It's located in rural northern Wisconsin. I live in Minnesota outside of its
broadcasting range, but I always look forward to listening to it on my trips
to visit my relatives who live in the upper peninsula of Michigan.

The first time I listened to it the DJ had his 4 year old daughter with him in
the studio and during one of the breaks she asked him to sing her favorite
song. He obliged and it was some depressing country song, but towards the end
she joined in enthusiastically, breaking the tension. It was very
heartwarming. That is my favorite radio memory and the kind of radio you don't
get from corporate stations.

After that I looked the station up and learned that it was founded to bridge
the divide between the Native American and white populations of the region
between whom there were significant racial tensions. I can't speak to whether
it did or not, but it certainly seems like it has. One year while driving
through I caught a live broadcast of a pow-wow which was a delightful
surprise.

A few years ago I was driving through the area and I couldn't pick them up.
The next town I got to I stopped to look up the station to see if I had just
forgotten the right frequency but it turned out that their transmitter had
broken and needed a complete replacement.

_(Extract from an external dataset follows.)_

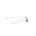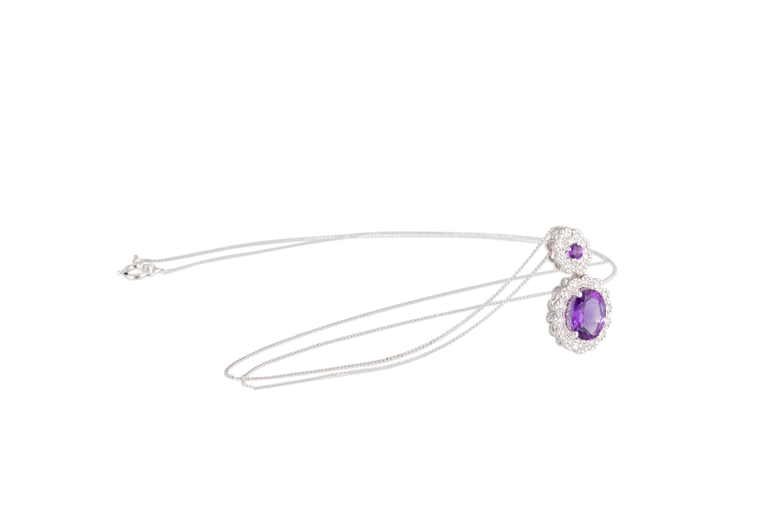AN AMETHYST AND DIAMOND SET CLUSTER PENDANT, the round amethyst to diamond set surround suspending a larger oval cut amethyst with diamond set surround, mounted in 18ct white gold to a 9ct white gold chain. Estimated: total weight of amethysts: 1.11 ct, weight of diamonds: 0.19 ct in total. Length ca. 19" (inc. drop of pendant)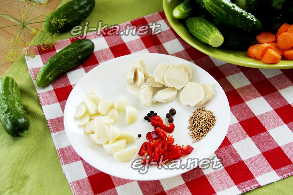 Для маринования мы постараемся выбрать огурчики помельче, чтобы закрыть их в маленькие баночки. Подготовим и другие ингредиенты, которые нам нужны.

In the end it took them about a year
to raise the funds to buy and install the new transmitter and I think they are
still operating at reduced power because their antenna needs to be replaced
(which is apparently in part what caused the original transmitter to break).
It just goes to show how fragile these institutions that can form the pillars
of communities can be.

They do broadcast online, but I find that when I'm not traveling I mostly
listen to local stations here in Minneapolis. Minneapolis is almost certainly
a beneficiary of the policies the article cites as the cause of the decline of
rural radio. Radio here is as vibrant and alive as it's ever been (at least
that I've been around). I have 6 different public stations that all have
different programming in my car presets and there are many more commercial
stations I listen to on occasion. The FM dial is completely packed (I don't
think there are _any_ open frequencies right now) and the AM dial is pretty
full as well. I just wish this did not come at the expense of my rural
neighbors (and I don't think it has to).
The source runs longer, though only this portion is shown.